Americans on the other hand have helped lift those illegals home countries out of poverty, Americans have sacrificed, and are entitled to not be lied about and have their civil rights violated, their human rights considerations ignored.

All across the US, Americans, black, brown and white have seen their lives harmed by illegal aliens. They've been thrown out of jobs, seen the occupations that lifted them out of poverty, whether in meat packing plants, construction, roofing, carpentry, landscaping and so many other jobs, undermined.

Jamiel Shaw's mother was serving in Iraq, his father worked and cared for their two sons. Jamiel was a good student, and a football star at his high school in the Los Angeles area. He was murdered by an illegal alien gang banger, who had been released from jail a few days before. The illegal alien gang banger shot Jamiel, because he was black, and no matter what the writers of the propaganda piece above might want you to believe, Hispanics are racist, most especially against black people. He was able to get away with this, because the politicians, the illegal alien lobby, and far leftists who seek to profit by destabilizing the economy, the lives of Americans, game the system so illegal aliens are treated with preference, not held responsible for their crimes. One such corrupt politician threatened Jamiel's parents, they said they would slander Jamiel as a gang banger if they didn't drop their support of legislation that would amend the foul special order 40 rule that denied police the right to check the immigration status of illegal alien criminals.

Julianne Ong Hing and Seth Wessler seek to exploit black Americans, so as to use them as pawns to gain amnesty for illegal aliens. They don't respect them, their civil or human rights.. they never address them or their issues.. only seek to play divide so as to more easily conquer.

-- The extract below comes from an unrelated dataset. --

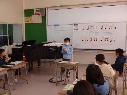 そして、そのリズム打ちを発表し、みんなで一緒に手拍子してみました。

legalatina on Jul 12, 2008 at 09:41:01 said:

This report is so dishonest...these adults jeopardized the security and unity of their own families by purposefully, willfully, violating our immigration laws and committing other crimes like identity-theft and others required to continue to reside and work illegally in our country....the law finally catches up with them ...so what? They made the bad decisions that led to this...."parents" don't get a free pass from prosecution for crimes simply because they have children if that were the case...then we need to let every prisoner in our jails free if they have children.. Ridiculous.

Perhaps other illegal alien families would do well to start making plans to repatriate their families before they are caught and deported. The responsible thing to do would be to start the paperwork and processes necessary to do so as soon as possible.